I forgot to resum the digits again. In which case the answer is 4.

The post that was quoted here has been removed

That was due to carelessness. I should have written 97 --> 9 + 7 = 16 --> 1 + 6 = 7. Earlier on I didn't realise that you wanted the digits resummed. Between my earlier semi-guess, which was empirical and now I know how to do the problem rigorously. First what I did earlier:

number, sum of digits, iterated sum
1 : sum = 1 : iterated sum = 1
16 : sum = 7 : iterated sum = 7
256 : sum = 13 : iterated sum = 4
4096 : sum = 19 : iterated sum = 1
65536 : sum = 25 : iterated sum = 7
1048576 : sum = 31 : iterated sum = 4
16777216 : sum = 37 : iterated sum = 1

From which I inferred that the first sum of digits was given by 6N + 1. I can't prove this yet, but it's consistent with what I can prove. I can prove the cycles 1, 7, 4 etc.

suppose a, b, and c are integers, a%c means a modulo c and:
a = mc + x, x < c
b = nc + y, y < c
x,y,m,n all integer, then
A) (a + b)%c = ((m + n)c + x + y)%c = (x + y)%c = (mc + x + y)%c = (a + b%c)%c
and
B) (ab)%c = (mnc² + (my + nx)c + xy)%c = (xy)%c = (myc + xy)%c = (ay)%c = (a(b%c))%c

Now, suppose a has digits a(0), a(1), a(2), ···, a(N) with

a = a(0) + a(1)*10 + ··· + a(N)*10^N
|b| is the integer part of b so |3/2| = 1

a/9 = |a(N)/9|*10^N + (a(N)%9)*10^N + a(N-1)/9 * 10^(N - 1) + ··· + a(0)/9
a/9 = |a(N)/9|*10^N + |(10*(a(N)%10) + a(N-1))/9|*10^(N - 1) + (a(N)%9 + a(N-1))%9 + ···
Using result A we have:
a/9 = |a(N)/9|*10^N + |(10*(a(N)%10) + a(N-1))/9|*10^(N - 1) + (a(N) + a(N - 1))%9 + ···
repeating this process eventually yields:
a/9 = |a/9| + (a(0) + a(1) + ··· + a(N))%9

=> a%9 = (a(0) + a(1) + ··· + a(N))%9

In other words the sum of the digits of any number mod 9 is the same as the number mod 9. Someone pointed this out to me. I worked out the proof (which is a rehash of the normal algorithm for division). Iteratively summing the digits of 16^16 would eventually give (16^16)%9.

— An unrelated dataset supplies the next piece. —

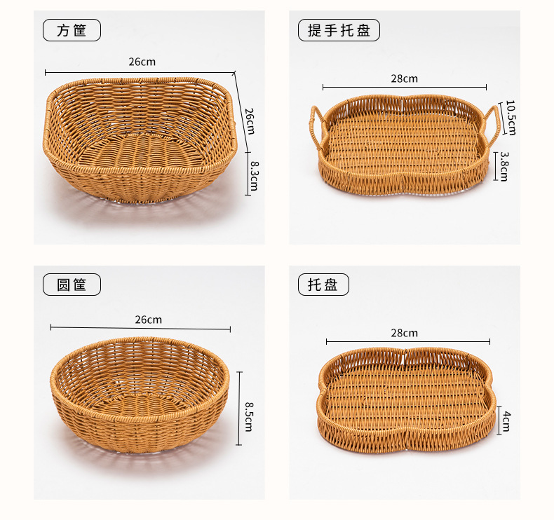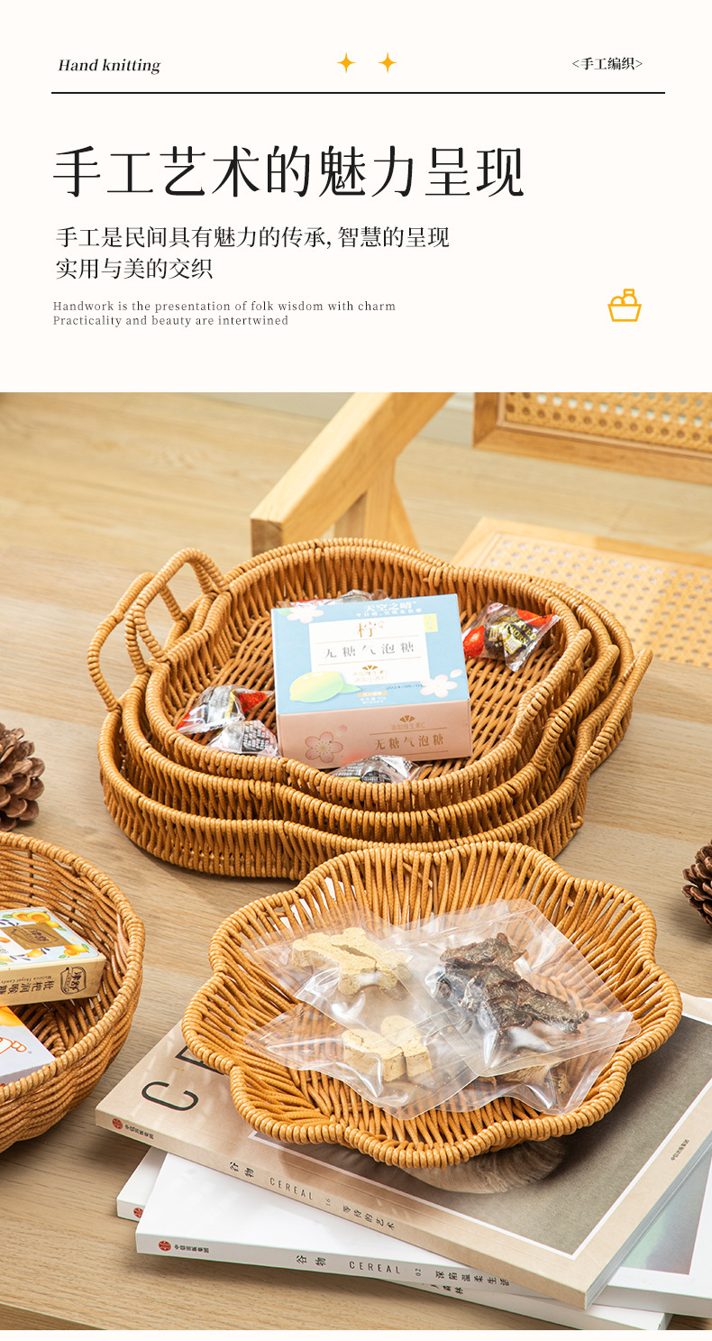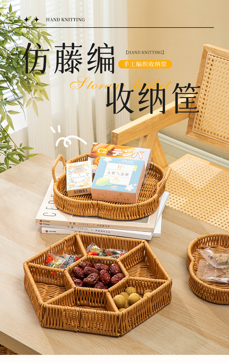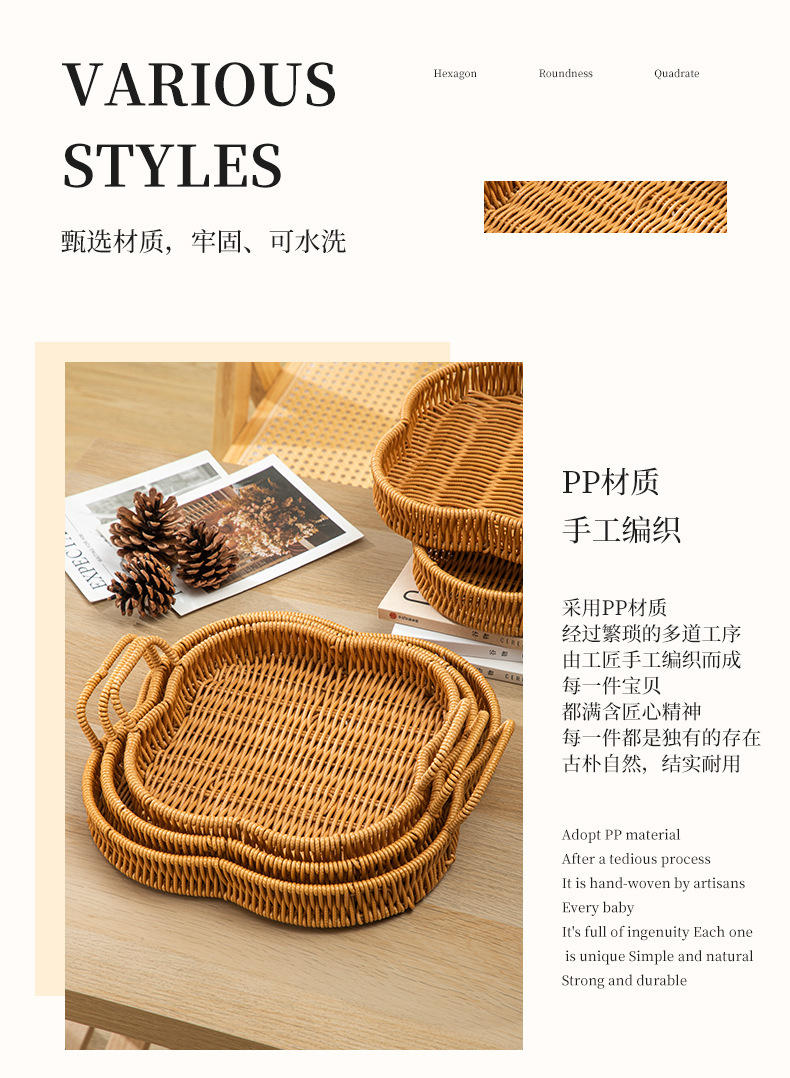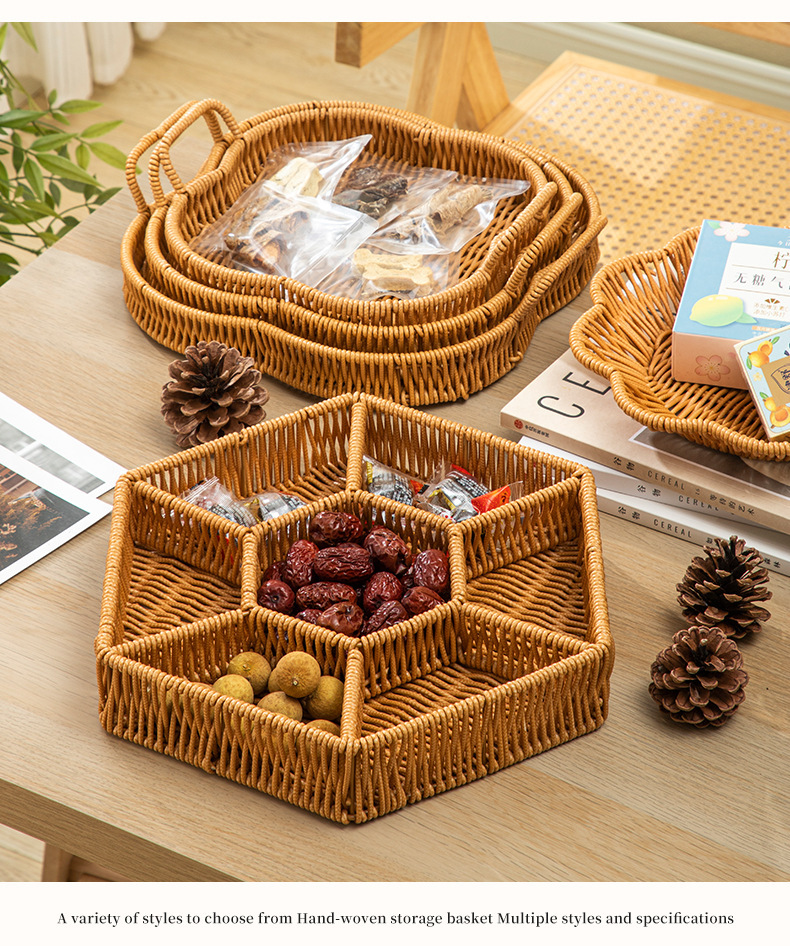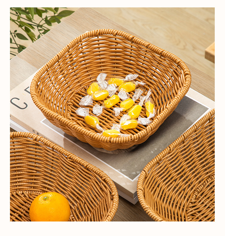 가정용 빈티지 등나무 과일 바구니 과일 접시 간식 저장 손으로 짠 플라스틱 과일 접시 빵 바구니 저장 바구니

16^16 = 2^64 ~ 4E18 so the largest possible answer for the sum of digits is 19*9 = 171. The largest sum of any three digit number is 27 and the largest possible sums are 1 + 6 + 9 = 16 and 9 + 9 = 18, so we can be sure that the sum of digits of the sum of digits of the sum of digits will only have one digit.

Now, using B we have:
16^0 %9 = 1
16^1 %9 = 7
16^2 %9 = (16*(16%9))%9 = (16*7)%9 = 112%9 = 4
16^3 %9 = (16*(16^2))%9 = (16*4)%9 = 64%9 = 1
so:
(16^(3N))%9 = 1
(16^(3N + 1))%9 = 7
(16^(3N + 2))%9 = 4

16%3 = 1 so the answer is 7. My empirical formula for the sum of the digits of 16^16 (6N + 1) gives 97, 97%9 = 7.